New innovative curative therapies and other single administration products present challenges for payors due to their unique set-up that may not neatly fit into the payment structures and incentives built into insurance benefits designs. We appreciate CMS’ acknowledgment of the unique innovation prevented by these therapies, gene and cell therapies, and encourage the agency to continue supporting further innovation across the health care landscape.


Jennifer S. Graff, PharmD
Vice President, Comparative Effectiveness Research
National Pharmaceutical Council

[1] Executive Office of the President. Executive Order on Protecting and Improving Medicare for our Nation’s Seniors (October 3, 2019).
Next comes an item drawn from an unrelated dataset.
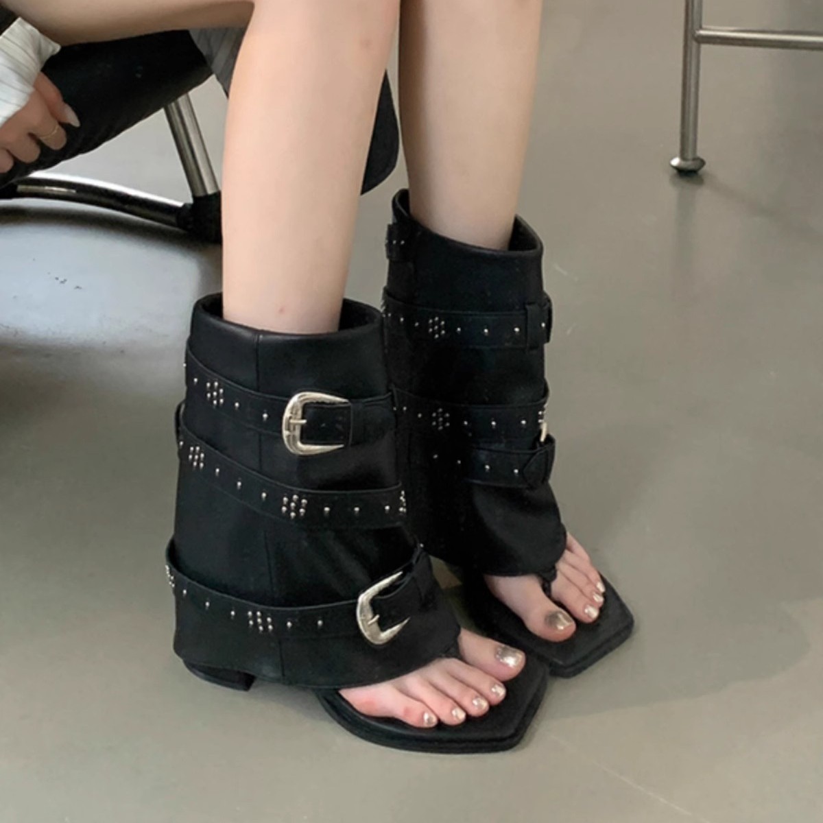 パンク風黒いリベットのつま先の人の字のサンダルの女性の靴の2025夏の新型の復古のバックルのギャルのズボンの靴

[2] Wamble D, Ciarametaro M, and Dubois R. The Effect of Medical Technology Innovations on Patient Outcomes, 1990-2015: Results of a Physician Survey. Journal of Managed Care & Specialty Pharmacy. 2019; 25(1): 66-71.

[3] Wamble D, Ciarametaro M, Houghton K, Ajmera M, and Dubois R. What’s Been the Bang for the Buck? Cost-Effectiveness of Health Care Spending Across Selected Conditions in the US. Health Affairs. 2019; 38(1): 68-75. 

[4] Lifetime Trends in Biopharmaceutical Innovation: Recent Evidence and Implications. January 10, 2017. Available at Accessed June 12, 2019.